Here, I am talking about "Match entire cell contents"

By "Match entire cell contents" I mean that, it will be replaced only when a cell (such as (2,3)-element of input.txt) is exactly AA or AAA or BB or BBB. A cell such as "AAs" will not be replaced by anything.

On the contrary if "Match entire cell contents" is not applied, then it will be replaced whenever a cell merely "contains" AA or AAA or BB or BBB. So a cell "AAhaha" will be replaced by "0haha"

Anyhow, to repeat, I want to replace cells of only the 3rd column of input.txt (not the whole file input.txt), and I want to replace a cell by 0 if it is any one of AA or AAA or BB or BBB, replace a cell by 1 if it is not any one of them, in a "Match entire cell contents" way.

user1849133
  • 527
  • 1
  • 7
  • 18
  • @MartijnPieters: if it's a CSV file (well, TSV). I have sometimes encountered tab-delimited data that isn't TSV. – Steve Jessop Nov 01 '13 at 12:54
  • @MartijnPieters My input will be txt, tab-delimited, UTF8 without BOM. A txt file can be csv, too?

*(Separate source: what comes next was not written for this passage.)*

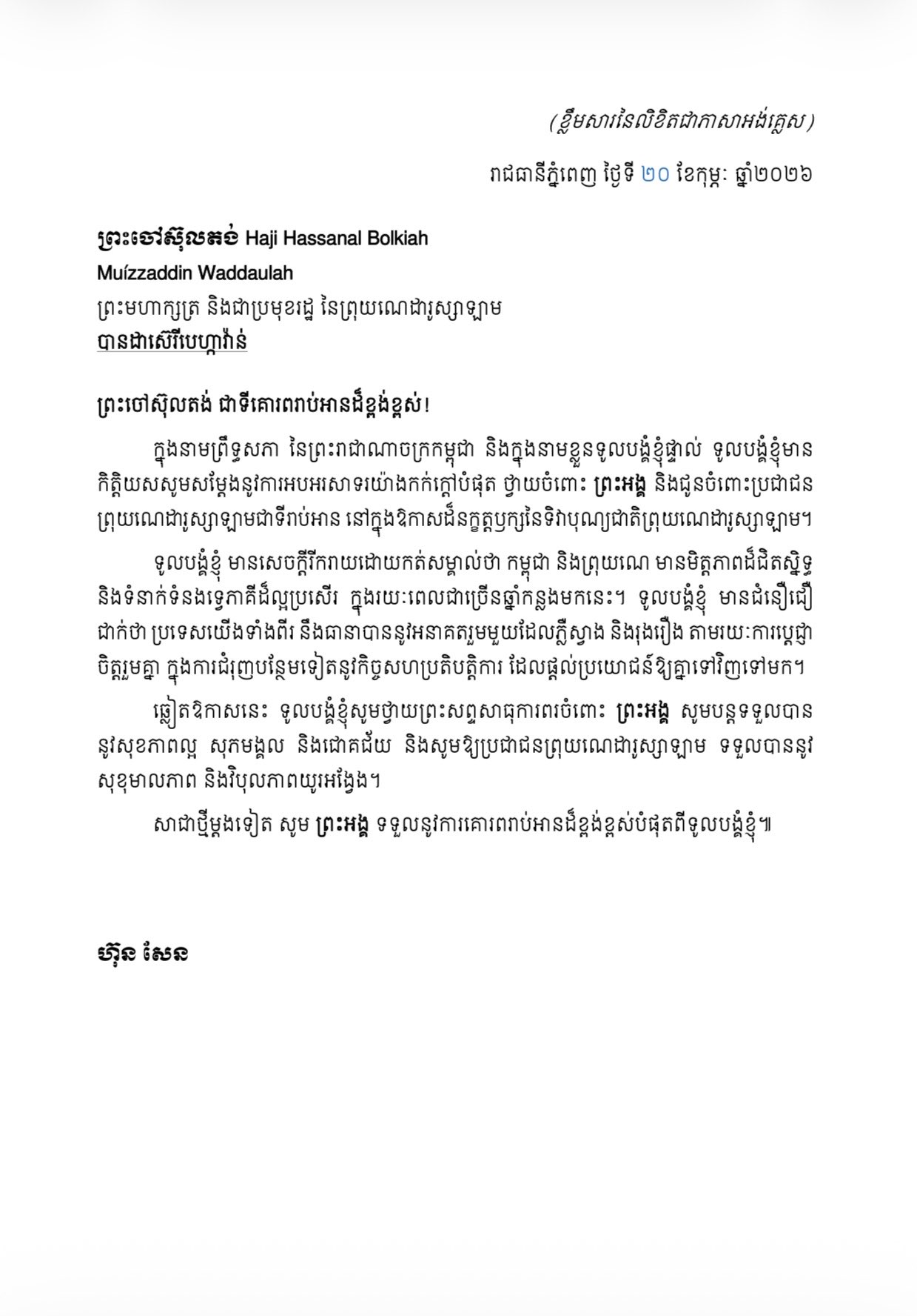 ឆ្លៀតឱកាសនេះ សម្ដេចតេជោ ហ៊ុន សែន សូមថ្វាយព្រះសព្ទសាធុការពរចំពោះ ព្រះអង្គ សូមបន្តទទួលបាន នូវសុខភាពល្អ សុភមង្គល និងជោគជ័យ និងសូមឱ្យប្រជាជនព្រុយណេដារូស្សាឡាម ទទួលបាននូវ សុខុមាលភាព និងវិបុលភាពយូរអង្វែង៕

Then how can I check if my input is csv? – user1849133 Nov 01 '13 at 13:04
  • @user2604484: CSV is a text format; it is any textual file that contains columns of data delimited by a delimiter, be that a comma, a pipe symbol, a tab or anything else. – Martijn Pieters Nov 01 '13 at 13:12
  • @user2604484: The `csv` module lets you read and write your format, simply by setting the delimiter to `\t`. – Martijn Pieters Nov 01 '13 at 13:12
  • Well, that's all there is to it if you set `csv.QUOTE_NONE` on the reader. Otherwise csv is not that simple. The questioner needs to find out what the intended meaning is of any `"` characters in the file, and parse the file accordingly. – Steve Jessop Nov 01 '13 at 13:13

2 Answers2

2
for line in fileinput.FileInput("input.txt",inplace=1):
    cells = line.split('\t')
    cells[2] = '0' if cells[2] in ('AA', 'AAA', 'BB', 'BBB') else '1'
    print '\t'.join(cells),

Beware, though, that I've taken a simplistic view of tab-delimited data. If your file makes use of the whole CSV/TSV format, with quoted cells containing tab characters and/or newlines, then you need csv, which is a proper CSV parser.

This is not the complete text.